Smith J W, Pollard R, Fletcher W B, Barker R, Lewis J R
Br J Ind Med. 1974 Oct;31(4):292-7. doi: 10.1136/oem.31.4.292.
292-297. Influenza vaccination was offered in a pharmaceutical factory of approximately 6 000 employees in December 1971 and again in December 1972. The rate of acceptance of vaccination was 42% in 1971 but fell to only 27% in 1972, and was highest among middle-aged married women and lowest among young men. Only 57% of employees who were vaccinated in 1971 and were still employed in 1972 accepted vaccination on the second occasion. Re-vaccination was commoner in staff (64%) than in works employees (52%) in all age and sex categories, and was commoner in older than in younger employees. Only 6% of employees who did not accept vaccination in 1971 accepted the vaccine in 1972. Among new employees who were not in the factory in December 1971 the acceptance rate was 21% in 1972. Between January 1971 and 1972 vaccinated employees left the factory less commonly (15%) than those who had not accepted vaccination (22%). Loss of working time in April to September 1972, i.e., when it is unlikely that influenza would have influenced the returns, was 21% higher among non-vaccinated employees than in vaccinated employees, the difference being due to certified illness of more than three days' duration. The benefit to be derived from offering influenza vaccination to a factory or office population will depend, among other factors, on the proportion of employees who accept the offer and on the characteristics of this volunteers group. The low take-up rate (27%) observed in the second year suggests that annual influenza vaccination is unlikely at the present time to have a marked effect on absence during outbreak periods. In comparison with the non-volunteers in the present study, the volunteers included a higher proportion of married women, older persons, and staff employees and were less inclined to leave employment, and lost less working time from certificated sickness absence.
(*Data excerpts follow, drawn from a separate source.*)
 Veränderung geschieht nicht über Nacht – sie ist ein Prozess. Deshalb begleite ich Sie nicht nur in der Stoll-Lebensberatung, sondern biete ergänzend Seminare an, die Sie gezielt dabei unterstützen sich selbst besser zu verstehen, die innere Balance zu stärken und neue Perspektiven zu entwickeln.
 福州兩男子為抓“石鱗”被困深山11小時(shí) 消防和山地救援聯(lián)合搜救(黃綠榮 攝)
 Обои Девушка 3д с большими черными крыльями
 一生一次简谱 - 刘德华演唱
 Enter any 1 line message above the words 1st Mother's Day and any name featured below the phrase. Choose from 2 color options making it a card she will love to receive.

The value of offering vaccine may therefore be greatest in an established office employing a high proportion of older women. The differences between the volunteers and non-volunteers, particularly the better sickness absence record of the former, indicates that the effect of influenza vaccination cannot reliably be assessed only from a comparison of absence returns between vaccinated and unvaccinated employees.
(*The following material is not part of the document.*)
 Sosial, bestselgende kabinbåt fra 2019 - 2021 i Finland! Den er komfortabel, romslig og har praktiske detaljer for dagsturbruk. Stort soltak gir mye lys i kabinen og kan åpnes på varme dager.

292 - 297。1971年12月,一家约有6000名员工的制药厂提供了流感疫苗接种服务,1972年12月再次提供。1971年疫苗接种的接受率为42%,但在1972年降至仅27%,中年已婚女性的接受率最高,年轻男性的接受率最低。1971年接种了疫苗且在1972年仍受雇的员工中,只有57%在第二次接种时接受了疫苗。在所有年龄和性别类别中,再次接种在工作人员中(64%)比在工厂员工中(52%)更常见,且在年长员工中比在年轻员工中更常见。1971年未接受疫苗接种的员工中,只有6%在1972年接受了疫苗。在1971年12月不在工厂的新员工中,1972年的接受率为21%。1971年1月至1972年期间,接种疫苗的员工离职的情况(15%)比未接受疫苗接种的员工(22%)少见。在1972年4月至9月期间,即不太可能因流感影响出勤率的时候,未接种疫苗的员工的工作时间损失比接种疫苗的员工高21%,差异是由于持续三天以上的确诊疾病。向工厂或办公室人群提供流感疫苗接种所带来的益处,除其他因素外,将取决于接受接种提议的员工比例以及这个志愿者群体的特征。第二年观察到的低接种率(27%)表明,目前每年进行流感疫苗接种不太可能对疫情期间的缺勤情况产生显著影响。与本研究中的非志愿者相比,志愿者中已婚女性、年长者和工作人员的比例更高,不太倾向于离职,因确诊疾病缺勤而损失的工作时间更少。因此,在雇用高比例年长女性的固定办公室中提供疫苗的价值可能最大。志愿者和非志愿者之间的差异,特别是前者更好的缺勤记录,表明仅通过比较接种和未接种疫苗员工的缺勤率来可靠评估流感疫苗接种的效果是不可能的。